===== Recorded information =====
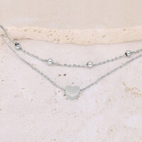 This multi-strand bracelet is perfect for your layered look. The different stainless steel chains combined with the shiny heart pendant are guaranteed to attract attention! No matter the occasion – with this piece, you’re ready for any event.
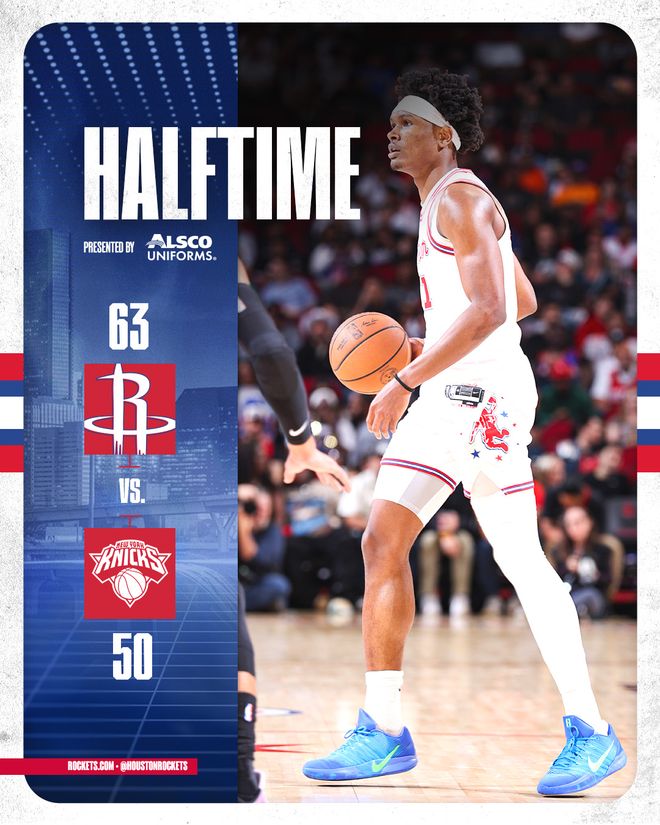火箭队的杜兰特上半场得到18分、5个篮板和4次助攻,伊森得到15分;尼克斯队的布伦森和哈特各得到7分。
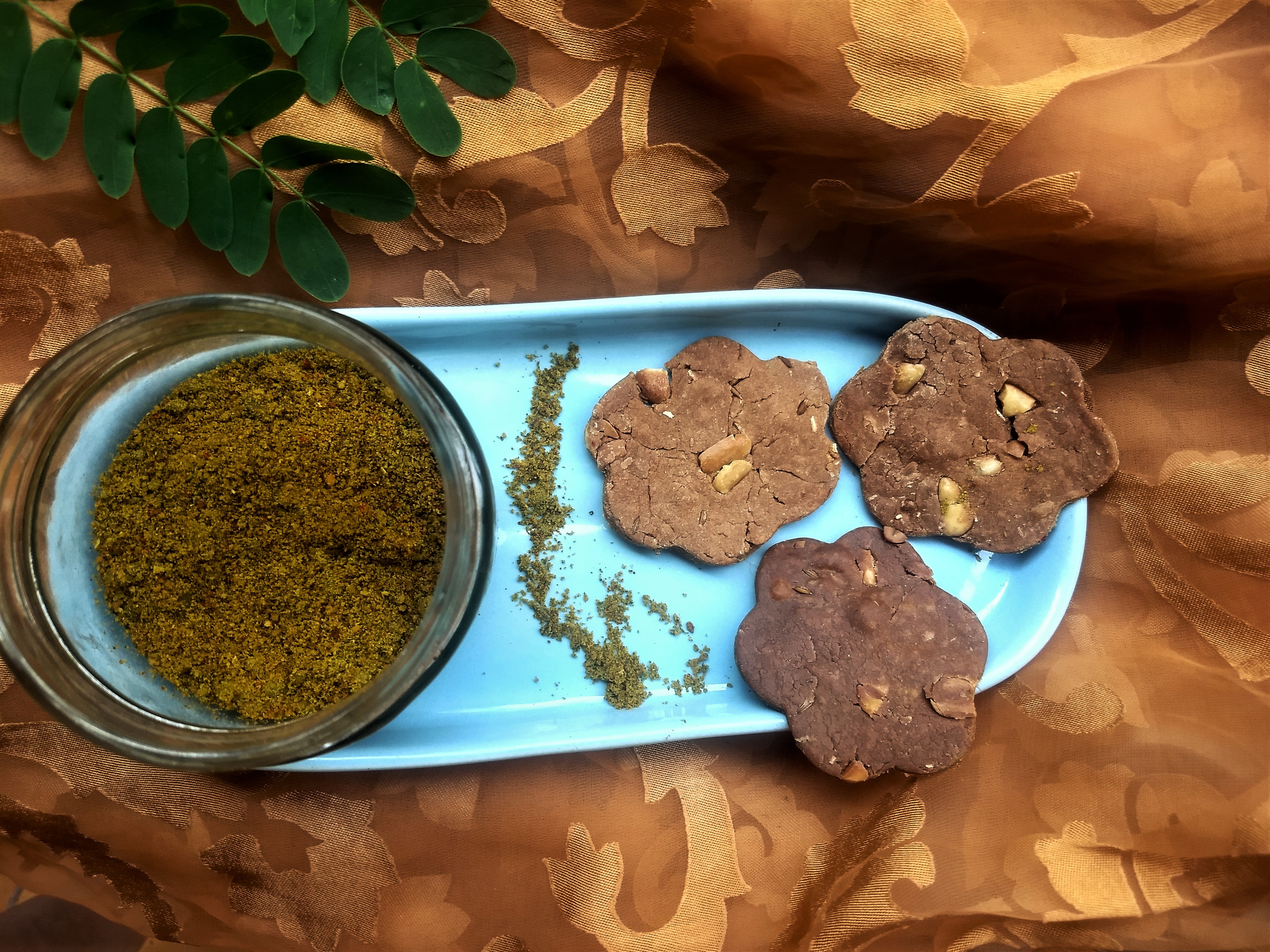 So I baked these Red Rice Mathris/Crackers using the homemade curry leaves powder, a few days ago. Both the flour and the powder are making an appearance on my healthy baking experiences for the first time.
=====
■ **Work to be completed**
Please copy the data above word for word, but only from the line that contains "火箭队的杜兰特上半场得到18" through the final line, both included, and without the pictures.

■ **Expected answer**
火箭队的杜兰特上半场得到18分、5个篮板和4次助攻,伊森得到15分;尼克斯队的布伦森和哈特各得到7分。
 So I baked these Red Rice Mathris/Crackers using the homemade curry leaves powder, a few days ago. Both the flour and the powder are making an appearance on my healthy baking experiences for the first time.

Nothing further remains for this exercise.